If you’re in the U.S., you can dial or text 988 for the Suicide & Crisis Lifeline. If you may be in immediate danger, call 911 or go to the nearest emergency room. If you’re outside the U.S., your local health ministry or a World Health Organization page can point to country-specific supports.
What I’m keeping and what I’m letting go
What I keep:
- Specificity — “Walk outside for 10 minutes” beats “get fresh air.”
- Practice — I rehearse steps when I’m calm so they’re ready when I’m not.
- Redundancy — Paper + phone + friend who knows my plan.
What I’m letting go:
- Perfectionism — The plan doesn’t need perfect words; it needs to be findable.
- Shame — Asking for help is the skill. Every time I do it, I build that muscle.
- Going it alone — Crisis is not a test of character. It’s a health moment; I treat it like one.

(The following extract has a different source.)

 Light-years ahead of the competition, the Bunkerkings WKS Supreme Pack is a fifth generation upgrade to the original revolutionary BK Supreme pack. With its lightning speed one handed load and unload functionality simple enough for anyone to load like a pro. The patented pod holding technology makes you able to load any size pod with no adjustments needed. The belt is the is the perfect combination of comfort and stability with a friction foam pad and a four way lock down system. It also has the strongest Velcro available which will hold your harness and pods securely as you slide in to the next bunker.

Quick reference links to save
- 988 Suicide & Crisis Lifeline (US)
- CDC Suicide Prevention
- NIMH Suicide Prevention
- WHO Suicide Prevention
- Suicide Prevention Resource Center
FAQ
1) Do I need to make this plan with a professional?
You can start on your own and refine it with a clinician if you have one. Professionals can help tailor steps, troubleshoot barriers, and coordinate care if risks rise.

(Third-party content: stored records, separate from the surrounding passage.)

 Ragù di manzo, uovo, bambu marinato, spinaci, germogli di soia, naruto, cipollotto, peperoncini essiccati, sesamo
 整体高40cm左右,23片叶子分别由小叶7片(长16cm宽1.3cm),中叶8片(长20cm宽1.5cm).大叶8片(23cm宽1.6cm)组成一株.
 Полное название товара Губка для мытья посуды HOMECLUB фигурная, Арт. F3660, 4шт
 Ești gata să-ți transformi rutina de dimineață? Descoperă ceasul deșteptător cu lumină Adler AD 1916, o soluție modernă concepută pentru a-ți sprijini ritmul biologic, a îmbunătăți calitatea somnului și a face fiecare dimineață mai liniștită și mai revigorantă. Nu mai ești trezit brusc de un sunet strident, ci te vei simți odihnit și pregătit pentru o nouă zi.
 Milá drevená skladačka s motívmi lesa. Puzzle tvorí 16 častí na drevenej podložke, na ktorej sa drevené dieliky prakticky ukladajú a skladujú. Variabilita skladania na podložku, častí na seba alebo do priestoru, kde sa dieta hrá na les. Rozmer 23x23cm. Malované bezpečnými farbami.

2) How often should I update a safety plan?
I review mine after any challenging week and at least every three months. Update contact info, remove steps that you don’t use, and add what reliably helps.
3) What if I don’t want to worry my family?

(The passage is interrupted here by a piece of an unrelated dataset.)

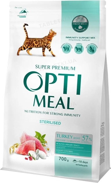 Сухий корм для стерилізован. кішок та кастрован. котів 0,7кг. OPTIMEAL ʺІндичка та овесʺ

Choose people who respond in the style you need. It’s okay if your Tier A contacts are friends or peers rather than relatives. You can also practice asking for help in calm times so the first ask isn’t during a crisis.
4) What if I’m supporting someone else?
Ask how they want to be helped in advance. Offer to hold a copy of their plan, store a lockbox key if that’s part of means safety, and agree on words that mean “I need help now.” Keep lifeline numbers handy and know the closest urgent care/ER.
5) How do I handle access to medications or other risky items?
Use the least complicated safe option that actually works in your life: locked storage, smaller fills, or temporarily transferring items to a trusted person. If you’re unsure, talk with a clinician about practical ways to reduce risk while keeping your routine workable.
Sources & References
- 988 Suicide & Crisis Lifeline
- CDC Suicide Prevention
- NIMH Suicide Prevention
- WHO Suicide Prevention
- Suicide Prevention Resource Center
This blog is a personal journal and for general information only. It is not a substitute for professional medical advice, diagnosis, or treatment, and it does not create a doctor–patient relationship. Always seek the advice of a licensed clinician for questions about your health. If you may be experiencing an emergency, call your local emergency number immediately (e.g., 911 [US], 119).